## What the task requires
Within the entries below, please return exactly the lines from the one with "Expression of NF-kB" through the one with "Сейчас Battlefield 2042", leaving out any pictures.

START Supplied data

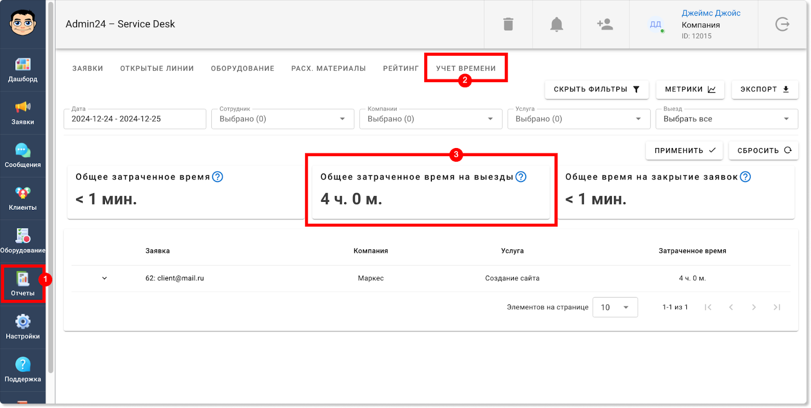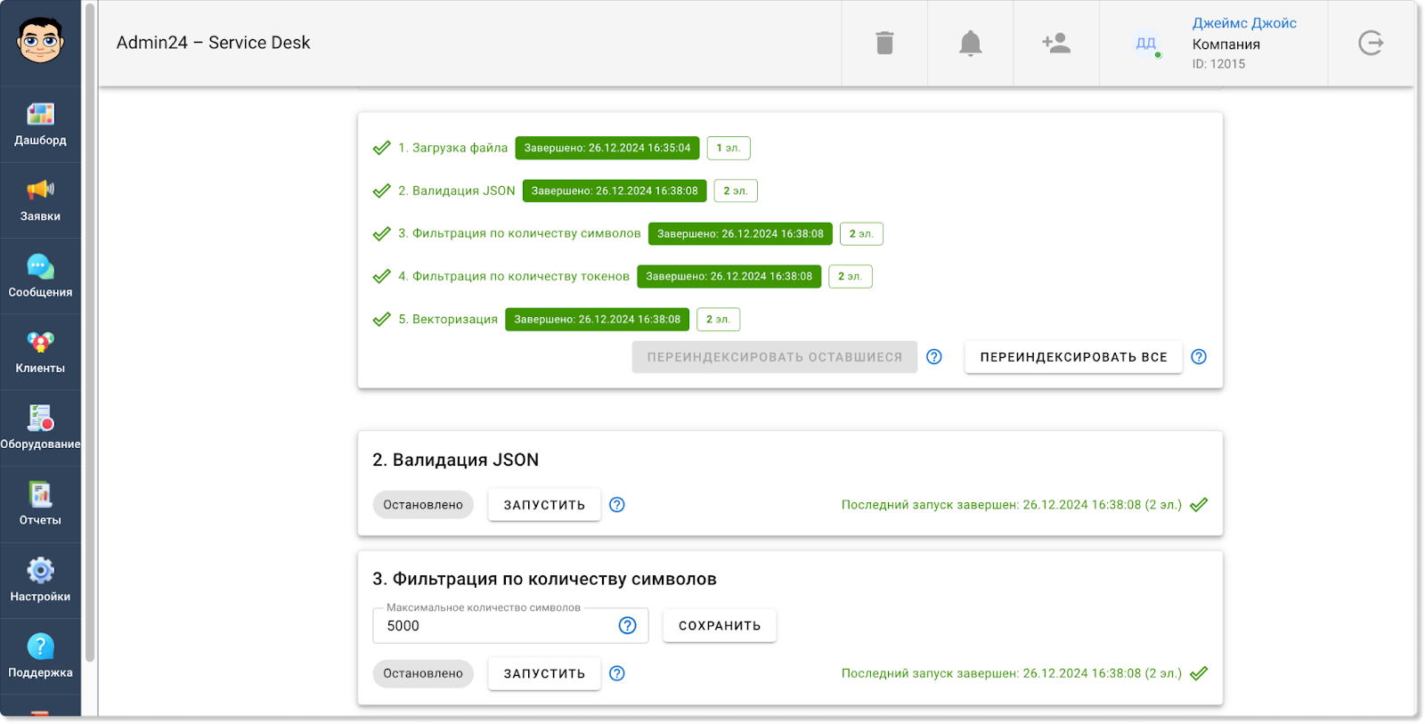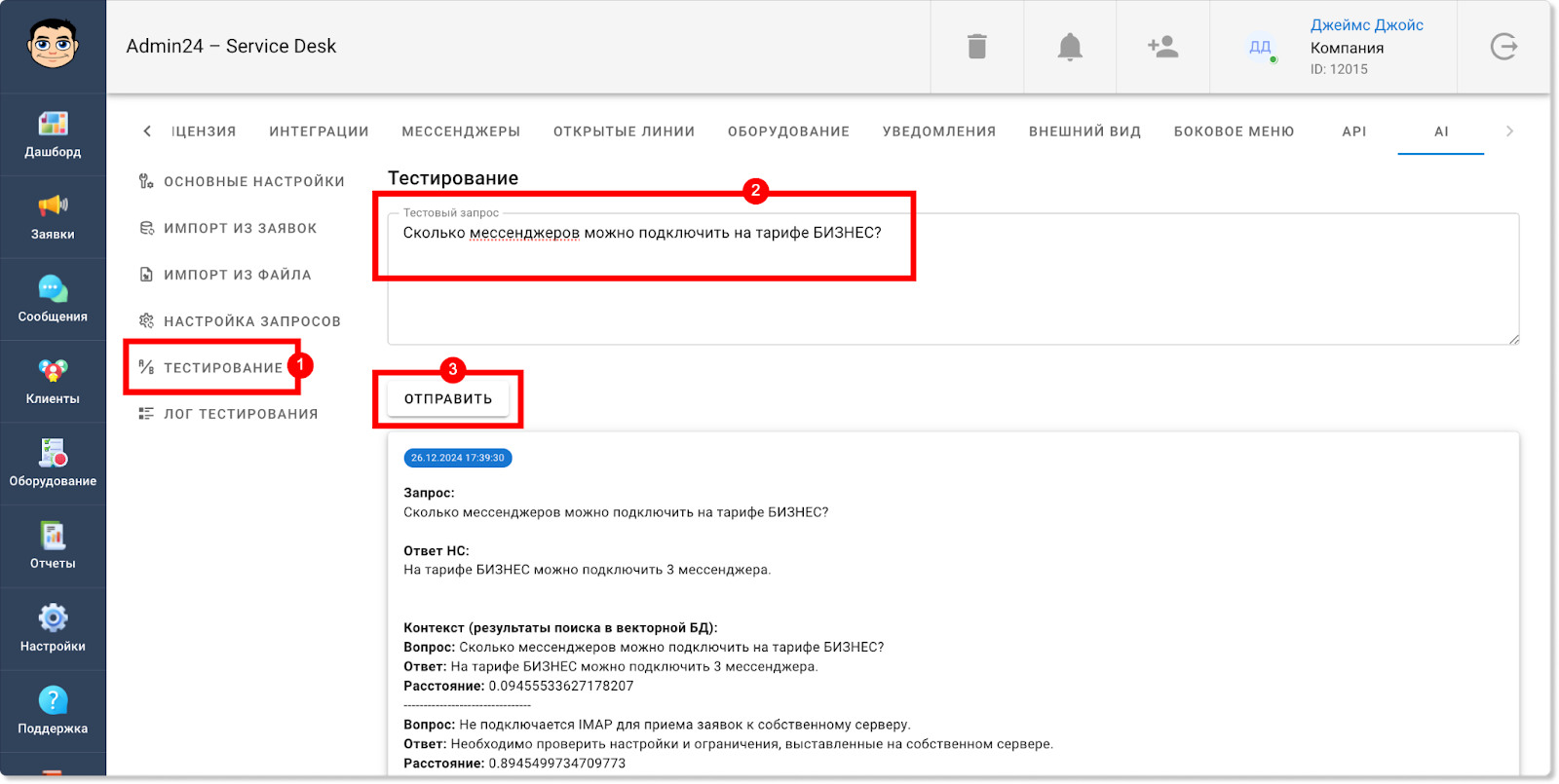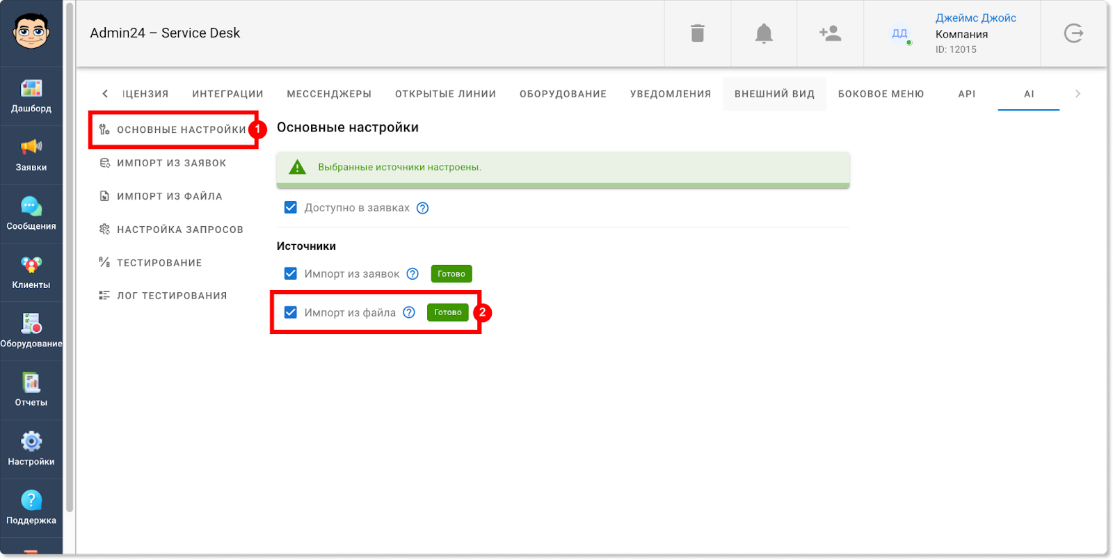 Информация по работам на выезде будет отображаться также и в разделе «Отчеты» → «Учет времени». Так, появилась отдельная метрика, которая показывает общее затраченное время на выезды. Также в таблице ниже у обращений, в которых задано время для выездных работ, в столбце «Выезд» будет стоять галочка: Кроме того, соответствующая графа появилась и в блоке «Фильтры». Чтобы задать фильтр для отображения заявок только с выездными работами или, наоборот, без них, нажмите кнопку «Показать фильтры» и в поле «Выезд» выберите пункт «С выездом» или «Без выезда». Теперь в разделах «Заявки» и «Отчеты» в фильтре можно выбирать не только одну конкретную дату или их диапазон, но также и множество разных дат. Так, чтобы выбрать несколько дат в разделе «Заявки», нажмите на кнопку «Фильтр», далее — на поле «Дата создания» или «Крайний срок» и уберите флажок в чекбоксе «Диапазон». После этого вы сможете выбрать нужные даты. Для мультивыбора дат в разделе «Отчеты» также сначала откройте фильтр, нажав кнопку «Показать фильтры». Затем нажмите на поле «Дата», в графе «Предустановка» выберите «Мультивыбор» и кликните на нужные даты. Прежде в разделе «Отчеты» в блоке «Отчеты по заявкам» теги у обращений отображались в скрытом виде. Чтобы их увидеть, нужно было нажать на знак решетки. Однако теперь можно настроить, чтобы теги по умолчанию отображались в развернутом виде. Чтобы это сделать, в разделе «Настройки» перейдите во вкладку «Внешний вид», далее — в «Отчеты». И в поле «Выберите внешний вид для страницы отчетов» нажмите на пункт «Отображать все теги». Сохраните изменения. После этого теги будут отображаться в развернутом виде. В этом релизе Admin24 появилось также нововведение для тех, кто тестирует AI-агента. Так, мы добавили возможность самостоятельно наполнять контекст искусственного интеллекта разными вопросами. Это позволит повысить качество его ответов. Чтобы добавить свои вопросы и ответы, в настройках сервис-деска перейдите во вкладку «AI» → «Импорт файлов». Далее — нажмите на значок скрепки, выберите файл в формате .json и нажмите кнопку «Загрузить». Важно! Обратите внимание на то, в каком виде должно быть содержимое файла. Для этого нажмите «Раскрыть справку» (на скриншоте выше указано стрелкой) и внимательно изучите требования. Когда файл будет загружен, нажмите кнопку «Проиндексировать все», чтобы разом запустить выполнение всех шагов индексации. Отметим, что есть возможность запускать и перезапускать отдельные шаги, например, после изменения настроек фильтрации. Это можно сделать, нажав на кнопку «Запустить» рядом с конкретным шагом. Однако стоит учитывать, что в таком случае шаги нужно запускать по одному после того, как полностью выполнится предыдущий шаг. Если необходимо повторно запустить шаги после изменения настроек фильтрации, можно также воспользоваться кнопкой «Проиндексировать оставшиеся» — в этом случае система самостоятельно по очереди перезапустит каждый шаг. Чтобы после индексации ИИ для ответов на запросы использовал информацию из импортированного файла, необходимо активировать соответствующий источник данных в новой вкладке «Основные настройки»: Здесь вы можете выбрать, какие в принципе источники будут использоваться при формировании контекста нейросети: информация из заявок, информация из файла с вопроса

END Supplied data
START Supplied data

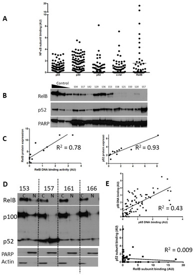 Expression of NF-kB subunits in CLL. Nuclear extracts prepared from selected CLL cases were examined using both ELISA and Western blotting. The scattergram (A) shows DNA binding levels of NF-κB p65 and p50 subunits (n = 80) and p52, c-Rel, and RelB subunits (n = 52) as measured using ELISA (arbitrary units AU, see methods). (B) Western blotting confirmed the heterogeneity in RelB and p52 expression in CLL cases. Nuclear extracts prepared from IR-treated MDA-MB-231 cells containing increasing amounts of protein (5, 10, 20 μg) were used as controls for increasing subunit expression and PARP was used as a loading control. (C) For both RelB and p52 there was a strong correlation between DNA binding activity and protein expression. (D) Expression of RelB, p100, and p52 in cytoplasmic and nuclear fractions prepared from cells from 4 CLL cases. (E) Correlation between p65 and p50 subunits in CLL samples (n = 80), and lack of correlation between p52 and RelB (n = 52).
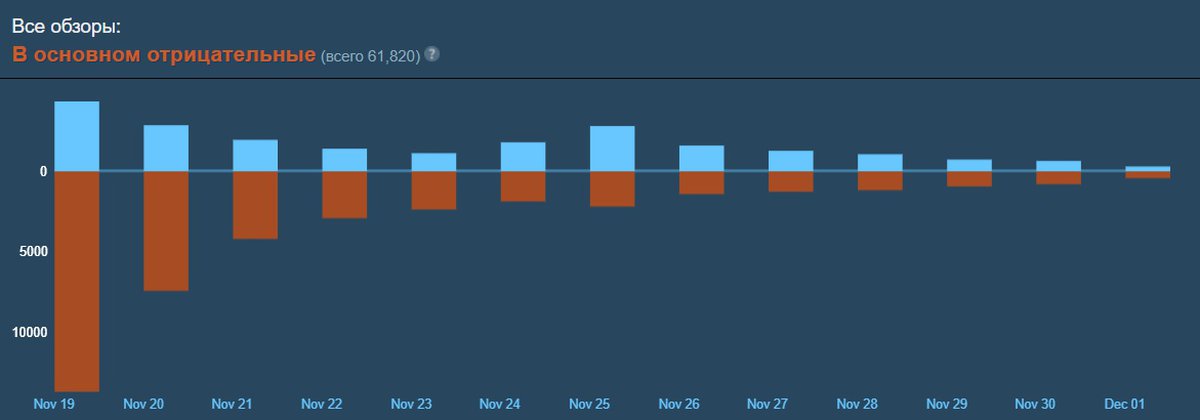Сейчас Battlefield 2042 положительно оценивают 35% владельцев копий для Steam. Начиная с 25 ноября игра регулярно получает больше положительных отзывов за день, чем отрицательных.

END Supplied data

## Answer section
 Expression of NF-kB subunits in CLL. Nuclear extracts prepared from selected CLL cases were examined using both ELISA and Western blotting. The scattergram (A) shows DNA binding levels of NF-κB p65 and p50 subunits (n = 80) and p52, c-Rel, and RelB subunits (n = 52) as measured using ELISA (arbitrary units AU, see methods). (B) Western blotting confirmed the heterogeneity in RelB and p52 expression in CLL cases. Nuclear extracts prepared from IR-treated MDA-MB-231 cells containing increasing amounts of protein (5, 10, 20 μg) were used as controls for increasing subunit expression and PARP was used as a loading control. (C) For both RelB and p52 there was a strong correlation between DNA binding activity and protein expression. (D) Expression of RelB, p100, and p52 in cytoplasmic and nuclear fractions prepared from cells from 4 CLL cases. (E) Correlation between p65 and p50 subunits in CLL samples (n = 80), and lack of correlation between p52 and RelB (n = 52).
Сейчас Battlefield 2042 положительно оценивают 35% владельцев копий для Steam. Начиная с 25 ноября игра регулярно получает больше положительных отзывов за день, чем отрицательных.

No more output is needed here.